You will come to your decision and when you do you will know in your heart what the right thing is to do.I know what a difficult decision you have before you and I will keep you and you furbaby in my prayers !!!


----------



## Amaryllis (Dec 28, 2011)

I feel like this dog was pushed into this bite. Pack theory is long debunked and children should not be anywhere near a dog's food or a dog eating. A small child dropping the food and then leaning over to grab at it while the untrained dog- who hasn't been in the home very long at all- watches, well, it doesn't take a genius to predict a bite in that situation.

If you do decide to keep the dog, and personally I would, DO NOT involve children in his feeding. He should be fed in a different room or in a crate and the child should be kept away from him at feeding times.


----------



## xxxxdogdragoness (Jul 22, 2010)

titiaamor said:


> Oh, this is awful. I'm so sorry.
> 
> I agree that rehoming is the best idea.
> 
> ...


I dot agree I'm sorry, a dog who has had such s tough time 'giving up' would be another blow to his confidence, you know that food aggression is natural, right? Not just in dogs but in other animals (I work on a horse breeding farm & you should see the pastured brood mares at feeding time & each horse is seperated with feeding stalls!!!) why does thr dog always USB to be thr loser, WHY??? Feed your dog in a crate away from everyone so he can feel like he can have his privacy, if you don't have a crate then feed him in thr master bed room or somewhere quiet & do NOT allow the kids to harass him! 

You can also combat resource guarding (RG) when thr dog has a cheeks of fav toy, just walk by & toss a yummy treat at him as he news, that way ppl coming = something great!! 

I hate when this happens & ppl want to tie up on the dog, thr best dog I ever had (Izze) was a kid hater & I mean HATER & I spent ten wonderful years with her, she was even the mascot of a public stable during the duration I worked there & it's all about management of the dog, it can be done. Please try to see it from the animals POV, they know not, they just react to their environment.


----------



## titiaamor (Nov 17, 2011)

I know where you're coming from, and I agree with you, too, dragon!!!!


We've trained our dogs to be used to kids (JIC) and when a 2 year old gave Sacha a piece of chicken then took it back, she just laid down. And when our 8yo son accidentally hurt Bob putting on his pectoral collar, the bite inhibition was good enough that it was a snap at the air.

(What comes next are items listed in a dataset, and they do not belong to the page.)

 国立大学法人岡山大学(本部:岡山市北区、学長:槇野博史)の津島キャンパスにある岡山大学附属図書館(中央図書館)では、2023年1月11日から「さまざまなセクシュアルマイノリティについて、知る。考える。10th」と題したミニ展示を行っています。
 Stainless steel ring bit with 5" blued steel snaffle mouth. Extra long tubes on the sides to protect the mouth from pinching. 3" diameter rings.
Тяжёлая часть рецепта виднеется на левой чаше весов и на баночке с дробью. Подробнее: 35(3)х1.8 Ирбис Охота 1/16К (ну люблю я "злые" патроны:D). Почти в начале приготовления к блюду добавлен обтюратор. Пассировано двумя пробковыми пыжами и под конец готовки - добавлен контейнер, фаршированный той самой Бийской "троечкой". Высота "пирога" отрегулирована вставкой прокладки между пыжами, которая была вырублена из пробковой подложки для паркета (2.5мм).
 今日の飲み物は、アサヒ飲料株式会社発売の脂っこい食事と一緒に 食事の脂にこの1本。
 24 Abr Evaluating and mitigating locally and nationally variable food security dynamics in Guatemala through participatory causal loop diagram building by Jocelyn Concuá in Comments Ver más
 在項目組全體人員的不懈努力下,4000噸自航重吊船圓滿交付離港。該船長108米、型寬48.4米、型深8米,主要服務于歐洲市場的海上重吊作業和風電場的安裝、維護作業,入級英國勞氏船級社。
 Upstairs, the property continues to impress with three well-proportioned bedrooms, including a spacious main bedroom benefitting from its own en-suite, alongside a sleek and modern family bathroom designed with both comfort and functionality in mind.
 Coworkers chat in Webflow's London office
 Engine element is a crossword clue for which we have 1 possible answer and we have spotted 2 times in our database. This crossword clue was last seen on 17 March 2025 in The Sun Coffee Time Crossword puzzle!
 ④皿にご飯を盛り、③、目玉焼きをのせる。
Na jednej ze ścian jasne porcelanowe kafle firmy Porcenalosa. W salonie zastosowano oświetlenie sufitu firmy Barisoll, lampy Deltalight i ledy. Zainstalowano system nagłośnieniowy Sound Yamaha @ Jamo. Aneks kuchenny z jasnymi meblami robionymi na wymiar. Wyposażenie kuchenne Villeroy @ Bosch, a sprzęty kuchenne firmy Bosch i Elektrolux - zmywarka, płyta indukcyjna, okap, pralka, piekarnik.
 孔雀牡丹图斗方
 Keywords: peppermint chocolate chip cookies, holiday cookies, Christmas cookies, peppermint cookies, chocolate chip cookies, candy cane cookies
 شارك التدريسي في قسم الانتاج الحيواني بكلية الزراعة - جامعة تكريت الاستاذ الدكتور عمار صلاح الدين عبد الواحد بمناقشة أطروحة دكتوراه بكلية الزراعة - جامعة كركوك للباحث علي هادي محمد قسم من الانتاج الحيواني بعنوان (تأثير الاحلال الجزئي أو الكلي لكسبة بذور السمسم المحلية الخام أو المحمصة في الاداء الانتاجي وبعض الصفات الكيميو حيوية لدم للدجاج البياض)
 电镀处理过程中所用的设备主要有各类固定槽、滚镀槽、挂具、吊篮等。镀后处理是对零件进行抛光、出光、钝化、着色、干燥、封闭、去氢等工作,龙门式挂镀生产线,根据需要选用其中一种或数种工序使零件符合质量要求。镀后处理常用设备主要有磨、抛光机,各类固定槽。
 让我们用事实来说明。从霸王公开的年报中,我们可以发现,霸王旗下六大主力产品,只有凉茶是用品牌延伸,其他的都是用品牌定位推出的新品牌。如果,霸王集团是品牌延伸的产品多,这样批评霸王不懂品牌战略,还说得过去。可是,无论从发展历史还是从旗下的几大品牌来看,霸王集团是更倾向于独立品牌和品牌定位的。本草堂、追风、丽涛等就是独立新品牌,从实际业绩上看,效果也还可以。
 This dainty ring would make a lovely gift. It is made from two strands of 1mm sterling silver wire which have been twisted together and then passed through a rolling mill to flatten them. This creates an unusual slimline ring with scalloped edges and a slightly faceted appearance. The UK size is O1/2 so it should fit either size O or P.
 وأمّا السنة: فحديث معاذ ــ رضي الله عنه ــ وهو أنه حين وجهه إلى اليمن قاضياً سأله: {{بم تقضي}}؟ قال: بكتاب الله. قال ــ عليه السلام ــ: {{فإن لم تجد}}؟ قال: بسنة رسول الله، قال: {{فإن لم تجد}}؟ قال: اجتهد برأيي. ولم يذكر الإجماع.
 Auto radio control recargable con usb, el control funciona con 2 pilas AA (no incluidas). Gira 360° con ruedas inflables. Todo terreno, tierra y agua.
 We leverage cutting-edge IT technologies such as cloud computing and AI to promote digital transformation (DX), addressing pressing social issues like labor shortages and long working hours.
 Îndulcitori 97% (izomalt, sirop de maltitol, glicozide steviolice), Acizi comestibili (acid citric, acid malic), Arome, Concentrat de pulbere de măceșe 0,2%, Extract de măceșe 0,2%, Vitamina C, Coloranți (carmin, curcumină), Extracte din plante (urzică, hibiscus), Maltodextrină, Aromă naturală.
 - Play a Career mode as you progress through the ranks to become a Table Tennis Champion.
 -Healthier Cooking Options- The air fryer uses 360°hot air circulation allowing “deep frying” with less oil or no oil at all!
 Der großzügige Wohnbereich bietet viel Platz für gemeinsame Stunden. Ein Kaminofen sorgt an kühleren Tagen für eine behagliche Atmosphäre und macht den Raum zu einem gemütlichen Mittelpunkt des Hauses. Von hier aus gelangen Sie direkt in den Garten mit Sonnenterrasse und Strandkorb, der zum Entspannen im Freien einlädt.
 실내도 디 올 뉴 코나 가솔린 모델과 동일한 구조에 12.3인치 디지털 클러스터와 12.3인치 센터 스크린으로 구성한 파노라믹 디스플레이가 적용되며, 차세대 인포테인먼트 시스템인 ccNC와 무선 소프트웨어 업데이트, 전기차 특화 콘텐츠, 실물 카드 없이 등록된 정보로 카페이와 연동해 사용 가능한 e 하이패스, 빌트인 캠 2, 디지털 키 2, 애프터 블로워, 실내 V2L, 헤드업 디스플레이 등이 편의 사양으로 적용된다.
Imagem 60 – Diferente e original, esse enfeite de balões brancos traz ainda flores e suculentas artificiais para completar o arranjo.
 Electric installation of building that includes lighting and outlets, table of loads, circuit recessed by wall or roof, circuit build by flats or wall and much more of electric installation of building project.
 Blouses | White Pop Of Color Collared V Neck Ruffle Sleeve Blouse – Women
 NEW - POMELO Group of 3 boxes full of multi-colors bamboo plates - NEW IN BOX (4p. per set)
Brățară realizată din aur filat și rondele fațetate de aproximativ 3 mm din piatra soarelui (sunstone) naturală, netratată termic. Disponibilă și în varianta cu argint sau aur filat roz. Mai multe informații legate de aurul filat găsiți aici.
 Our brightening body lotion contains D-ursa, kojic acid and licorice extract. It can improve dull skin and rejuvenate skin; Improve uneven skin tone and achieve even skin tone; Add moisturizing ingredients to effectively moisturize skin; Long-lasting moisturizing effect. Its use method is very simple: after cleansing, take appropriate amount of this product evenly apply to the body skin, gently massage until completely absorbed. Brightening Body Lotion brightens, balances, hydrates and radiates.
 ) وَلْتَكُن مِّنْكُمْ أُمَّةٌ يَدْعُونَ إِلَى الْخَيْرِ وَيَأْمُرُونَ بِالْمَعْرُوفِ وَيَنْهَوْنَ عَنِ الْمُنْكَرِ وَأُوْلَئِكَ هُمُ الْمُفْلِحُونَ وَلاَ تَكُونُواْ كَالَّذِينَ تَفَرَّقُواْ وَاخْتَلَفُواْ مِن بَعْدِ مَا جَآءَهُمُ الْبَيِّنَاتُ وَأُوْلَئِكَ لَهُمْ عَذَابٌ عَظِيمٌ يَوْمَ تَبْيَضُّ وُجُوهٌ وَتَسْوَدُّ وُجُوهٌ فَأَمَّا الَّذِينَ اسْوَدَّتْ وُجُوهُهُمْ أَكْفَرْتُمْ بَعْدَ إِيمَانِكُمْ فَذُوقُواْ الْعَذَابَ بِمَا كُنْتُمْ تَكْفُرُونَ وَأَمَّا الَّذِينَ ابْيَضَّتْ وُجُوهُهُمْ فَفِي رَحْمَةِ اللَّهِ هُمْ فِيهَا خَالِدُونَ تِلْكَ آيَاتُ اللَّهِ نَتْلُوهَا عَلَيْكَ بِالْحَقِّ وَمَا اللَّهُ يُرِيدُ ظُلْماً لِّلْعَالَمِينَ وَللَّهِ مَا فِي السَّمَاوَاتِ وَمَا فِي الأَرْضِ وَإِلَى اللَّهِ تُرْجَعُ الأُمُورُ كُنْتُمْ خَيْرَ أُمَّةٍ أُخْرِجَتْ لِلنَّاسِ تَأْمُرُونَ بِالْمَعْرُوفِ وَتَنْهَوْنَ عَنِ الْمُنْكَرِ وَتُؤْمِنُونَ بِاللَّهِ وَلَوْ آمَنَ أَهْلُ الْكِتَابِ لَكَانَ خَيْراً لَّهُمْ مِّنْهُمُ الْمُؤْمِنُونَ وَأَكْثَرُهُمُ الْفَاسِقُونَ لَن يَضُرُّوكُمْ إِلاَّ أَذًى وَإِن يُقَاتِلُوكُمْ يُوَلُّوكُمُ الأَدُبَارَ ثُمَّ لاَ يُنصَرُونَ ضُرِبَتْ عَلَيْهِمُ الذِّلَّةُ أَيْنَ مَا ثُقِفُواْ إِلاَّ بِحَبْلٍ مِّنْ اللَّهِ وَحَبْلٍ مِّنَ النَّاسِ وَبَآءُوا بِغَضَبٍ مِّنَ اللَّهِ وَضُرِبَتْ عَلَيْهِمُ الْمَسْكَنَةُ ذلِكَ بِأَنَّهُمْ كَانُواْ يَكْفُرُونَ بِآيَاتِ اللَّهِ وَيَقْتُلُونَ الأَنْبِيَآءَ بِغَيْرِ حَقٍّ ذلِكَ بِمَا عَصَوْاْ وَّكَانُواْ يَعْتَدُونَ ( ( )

But breaking the skin says to me this dog has some bit inhibition issues....and that's really scary in a home with kids.

It's awful, either way.

To the OP: God bless you and your family as you make the decision!





dogdragoness said:


> I dot agree I'm sorry, a dog who has had such s tough time 'giving up' would be another blow to his confidence, you know that food aggression is natural, right? Not just in dogs but in other animals (I work on a horse breeding farm & you should see the pastured brood mares at feeding time & each horse is seperated with feeding stalls!!!) why does thr dog always USB to be thr loser, WHY??? Feed your dog in a crate away from everyone so he can feel like he can have his privacy, if you don't have a crate then feed him in thr master bed room or somewhere quiet & do NOT allow the kids to harass him!
> 
> You can also combat resource guarding (RG) when thr dog has a cheeks of fav toy, just walk by & toss a yummy treat at him as he news, that way ppl coming = something great!!
> 
> I hate when this happens & ppl want to tie up on the dog, thr best dog I ever had (Izze) was a kid hater & I mean HATER & I spent ten wonderful years with her, she was even the mascot of a public stable during the duration I worked there & it's all about management of the dog, it can be done. Please try to see it from the animals POV, they know not, they just react to their environment.


----------



## titiaamor (Nov 17, 2011)

I agree with this, too.



Amaryllis said:


> I feel like this dog was pushed into this bite. Pack theory is long debunked and children should not be anywhere near a dog's food or a dog eating. A small child dropping the food and then leaning over to grab at it while the untrained dog- who hasn't been in the home very long at all- watches, well, it doesn't take a genius to predict a bite in that situation.
> 
> If you do decide to keep the dog, and personally I would, DO NOT involve children in his feeding. He should be fed in a different room or in a crate and the child should be kept away from him at feeding times.


----------



## CptJack (Jun 3, 2012)

I agree with the others that the dog may have been 'set up' to bite the child, but I also don't think that this means the dog should not be rehomed - depends a lot on the age of the child for me. Even without feeding issues and with supervision, this isn't a dog I would trust with a toddler who is unpredictable, has poor balance and motor control. If the kid is 10 - it's another matter entirely. But when the trigger is a child being a child, I don't think it's fair to dog or child to keep them in the same home.


----------



## xxxxdogdragoness (Jul 22, 2010)

I wouldn't feel comfortable saying re-home or not to re-home, because I am not there & I can't observe the dog & I would feel comfortable saying tO re home him.


----------



## musapan (Jul 10, 2009)

Food possession is normal in dogs that haven't been worked with in that respect. I agree with the others, I believe the children should not be part of the feeding from now on. But you can do certain techniques to make sure this sort of thing doesn't happen again.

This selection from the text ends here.